A data engineer needs to load 10 TB of CSV files from Amazon S3 into Google BigQuery on a daily basis. Which service should they use to automate this transfer?
Trap 1: Dataproc
Dataproc is for running Spark/Hadoop jobs; not designed for simple file transfers.
Trap 2: Cloud Data Fusion
Cloud Data Fusion is a managed ETL/ELT service, but it is overkill and not the simplest solution for a straightforward S3-to-BigQuery transfer.

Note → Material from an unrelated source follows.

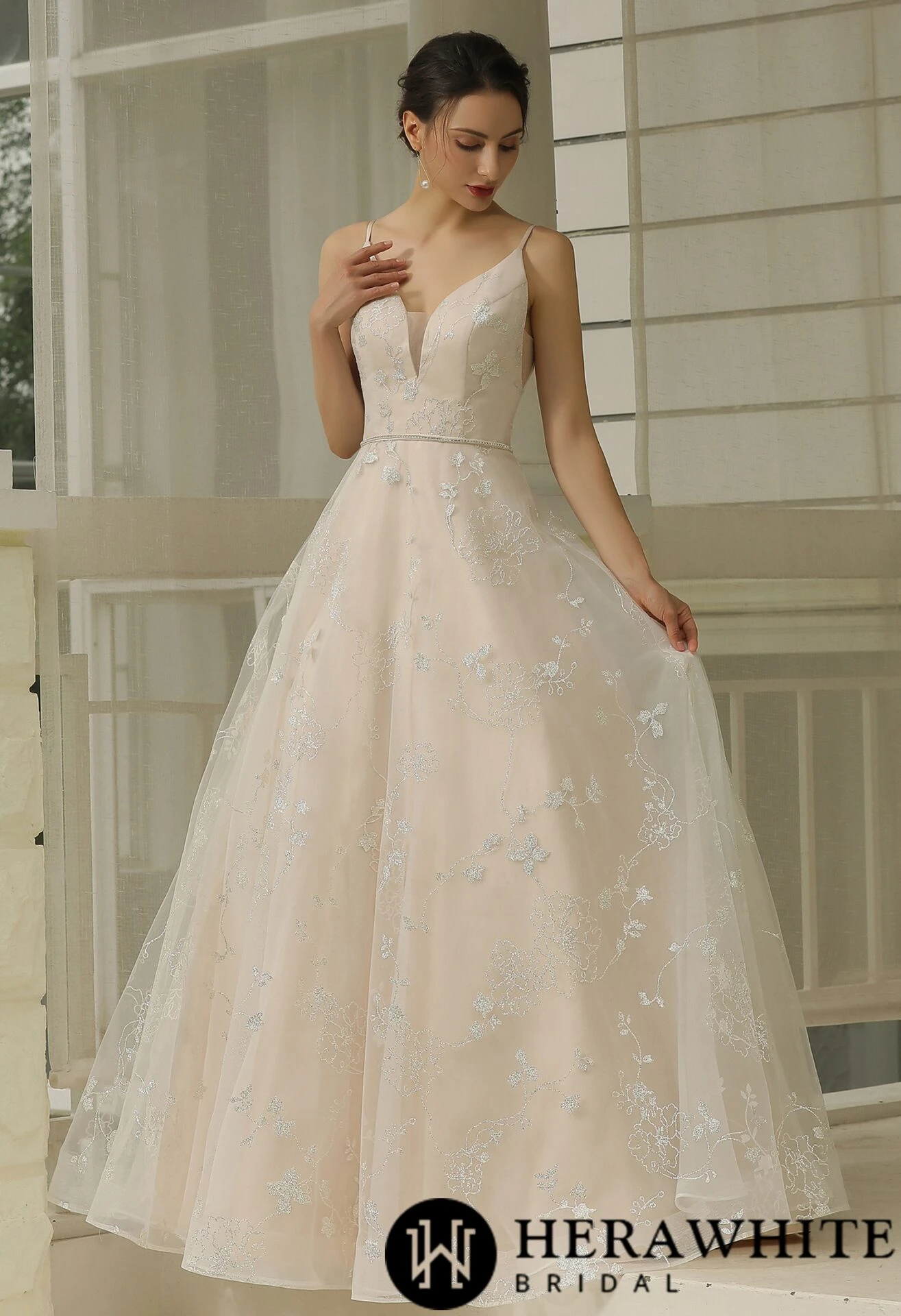 - Avantage : Robe de mariée simple à motifs floraux pailletés dos nu, ceinture, col V plongeant illusion, fines bretelles

Trap 3: Storage Transfer Service
Storage Transfer Service transfers data to Cloud Storage, not directly to BigQuery. Additional steps are needed.
- A
Dataproc
Why wrong: Dataproc is for running Spark/Hadoop jobs; not designed for simple file transfers.
- B
Cloud Data Fusion
Why wrong: Cloud Data Fusion is a managed ETL/ELT service, but it is overkill and not the simplest solution for a straightforward S3-to-BigQuery transfer.
- C
BigQuery Data Transfer Service
BigQuery Data Transfer Service supports scheduled transfers from Amazon S3 directly into BigQuery.
- D
Storage Transfer Service
Why wrong: Storage Transfer Service transfers data to Cloud Storage, not directly to BigQuery. Additional steps are needed.